3.      En el aposento alto, y después de la celebración de la pascua; “hubo una disputa entre sus discípulos, sobre quien sería el mayor entre ellos”(Lucas 22:24).

a.     Jesús sabía que el problema de rivalidad entre ellos no había sido superado. Esta sería la última ocasión en que el Señor estaría con ellos, era importante, pues, darles una enseñanza que fuera ilustrada para que ellos realmente lo comprendieran.

b.      Jesús, no estaba estableciendo una ceremonia relacionada con la cena del Señor como mucho creen.

c.      Estaba ilustrando la enseñanza de la “Humildad y del servicio a los demás”. No tenía en mente establecer un nuevo rito, mas bien utilizó una costumbre antigua de aquellos días para confirmar una nueva enseñanza. ¡LA GRANDEZA DEL SERVICIO!.

C.     Jesús tomó una toalla y se la ciñó... explicar.

1.      Jesús amó a los suyos hasta el fin.  30 veces se menciona la palabra amor en estos tres capítulos, esto por sí mismo ya nos dice el propósito por el cual Jesús lavó los pies de sus discípulos.

2.      Jesús y sus discípulos no estaban sentados tal como lo pinta Da Vinci en su obra maestra, la santa cena.

3.      No sillas con respaldos, no mesa alta y larga. No como Da Vinci pinto el cuadro.

4.      Relatar la manera tradicional de celebrar la Pascua...

D.     El lavar los pies era un elemento esencial de la escena social de aquel tiempo.

1.      Relatar el estado de los caminos en Palestina. Polvo- lodo, etc.

2.      El invitado, se bañaba de los pies a la cabeza para asistir al convite, pero, dado que todos usaban sandalias, los comensales llegaban muy sucios de los pies.

3.      Un buen anfitrión mantenía un gran recipiente con agua, a la entrada de su casa, el invitado se quitaba el calzado y el esclavo le lavaba los pies.

a.    Lavar los pies, sólo lo hacían los esclavos, pues se consideraba que era la más degradante de las labores.

b.      Un judío esclavo no podía ser obligado a lavar los pies a los invitados.
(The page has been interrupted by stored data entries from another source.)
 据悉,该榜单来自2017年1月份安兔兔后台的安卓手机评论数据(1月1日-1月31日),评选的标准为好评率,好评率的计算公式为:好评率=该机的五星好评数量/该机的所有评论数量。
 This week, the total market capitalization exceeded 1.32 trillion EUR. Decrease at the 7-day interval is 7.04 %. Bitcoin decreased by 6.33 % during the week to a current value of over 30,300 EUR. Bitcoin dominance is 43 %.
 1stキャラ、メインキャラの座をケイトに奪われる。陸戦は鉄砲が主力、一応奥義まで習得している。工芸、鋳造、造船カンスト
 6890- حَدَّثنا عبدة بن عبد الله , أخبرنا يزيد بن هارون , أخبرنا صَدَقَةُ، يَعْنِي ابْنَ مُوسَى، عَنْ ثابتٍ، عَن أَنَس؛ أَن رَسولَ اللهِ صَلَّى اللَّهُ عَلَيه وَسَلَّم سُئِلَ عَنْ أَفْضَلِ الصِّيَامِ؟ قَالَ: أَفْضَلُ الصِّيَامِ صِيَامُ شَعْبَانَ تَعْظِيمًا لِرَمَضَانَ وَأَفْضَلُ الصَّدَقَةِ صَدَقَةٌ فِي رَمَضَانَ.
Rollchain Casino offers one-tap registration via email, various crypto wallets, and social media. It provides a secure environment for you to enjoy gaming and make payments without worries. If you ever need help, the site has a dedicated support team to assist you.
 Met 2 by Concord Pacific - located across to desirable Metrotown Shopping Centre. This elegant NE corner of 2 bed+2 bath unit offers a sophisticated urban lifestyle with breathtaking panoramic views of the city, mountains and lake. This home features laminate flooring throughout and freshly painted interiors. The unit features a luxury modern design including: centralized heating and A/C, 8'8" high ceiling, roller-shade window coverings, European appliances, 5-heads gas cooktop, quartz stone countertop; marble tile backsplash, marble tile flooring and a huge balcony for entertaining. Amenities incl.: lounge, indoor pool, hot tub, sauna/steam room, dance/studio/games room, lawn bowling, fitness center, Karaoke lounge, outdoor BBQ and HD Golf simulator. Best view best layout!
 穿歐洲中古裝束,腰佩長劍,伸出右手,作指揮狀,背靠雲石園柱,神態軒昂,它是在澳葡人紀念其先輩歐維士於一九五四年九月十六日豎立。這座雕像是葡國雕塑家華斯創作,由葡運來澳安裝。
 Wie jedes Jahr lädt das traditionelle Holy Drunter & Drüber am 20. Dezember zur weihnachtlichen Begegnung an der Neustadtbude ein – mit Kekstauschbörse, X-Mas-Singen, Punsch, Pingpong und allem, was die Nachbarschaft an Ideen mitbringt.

c.       ¿Por qué entonces estaban allí los apóstoles con los pies sucios? Lucas 22:24, dice que hubo una disputa entre ellos sobre quién sería el mayor entre ellos. El aposento estaba lleno de corazones orgullosos. Estaban dispuestos a pelear por un trono, pero no por una toalla. En el calor de esta discusión, Jesús se levanta y se ciñe la toalla... ¡Se dispone a lavar los pies de sus discípulos!

E.      Jesús, no pidió nada de sus discípulos que el mismo no estuviera dispuesta a hacer. (Fil. 2:7-8; Mateo 20:28, Lucas 22:27).

1.      Nosotros también necesitamos tomar la toalla. Hoy día muy poco se enfatiza sobre la humildad, es más para la gran mayoría “humildad” es indicio de debilidad.

2.      Las palabras: “Humilde-Humillación” provienen de la misma raíz. El siervo no era apreciado, eran objeto de abuso y de mal uso.(Lucas 17:7-10).

3.      Pero Jesús lavó los pies de sus discípulos. ¡Que gran lección de humildad!. “El que es el mayor de vosotros, sea vuestro siervo. Porque el que se enaltece será humillado, y el que se humilla será enaltecido” (Mateo 23:11,12).

a.    ¡El mundo busca la exaltación!; el seguidor de Jesús busca una oportunidad para servir!.

 

II:- LA LECCION DE SANTIDAD.

A.    Necesitamos limpieza espiritual.

1.     Entonces vino a Simón Pedro... ¿Tú me lavas los pies? ¡No Señor! (6-10).

2.     Jesús dijo: El que está lavado, no necesita sino lavarse los pies, pues todo está limpio.

3.     Vosotros, limpios estáis, refiriéndose al cuerpo físico de ellos. Luego cambió el énfasis, de lo físico a lo espiritual, y añadió: “Aunque no todos”. (Judas Iscariote). El verso 11 explica esto.

B.    La verdad  debemos recalcar que cuando Jesús lavó los pies a sus discípulos, no era por la limpieza física que estaba preocupado sino, ¡por la limpieza espiritual!.

Esto fue lo que le dijo a Pedro: Si no te lavare, no tendrás parte con migo. En lo espiritual esa declaración también se aplica a nosotros. ¡A menos que seamos lavados en la sangre de Jesús—no tendremos comunión con él (Apoc. 1:5). Aunque en otras palabras, pero, es lo mismo que se le dijo a Saulo de Tarso: (Hechos 22:16). Después de que somos lavados espiritual-

mente, “desde la cabeza hasta los pies” en el bautismo, entonces estamos limpios. Pero... 1ª  Juan 1:9- 2.1.

C.    Debemos aprender a ser sumisos.

1.     Debemos permitir que Jesús nos limpie de nuestras almas. Pedro tenía que someterse aún cuando no comprendiera lo que estaba pasando.

2.     Pedro lidió con su orgullo, así como lo hacemos la mayoría de nosotros. Pero la sumisión es una condición para tener parte con Jesús. (1ª  Pedro 5:5-6).

 

III:- LA LECCION DE LA FELICIDAD (13:12-17)

A.    Debemos aprender a lavar pies.

1.     Después de lavar los pies, Jesús se dispone a explicar lo que ha hecho.(12) ¿Saben lo que he hecho?. ¡Qué pregunta tan extraña, por supuesto que sabemos lo que ha hecho! ¡Lavar pies! No-No- ¿Sabéis realmente lo que os he hecho? ¿Entendéis lo que he hecho y por qué?.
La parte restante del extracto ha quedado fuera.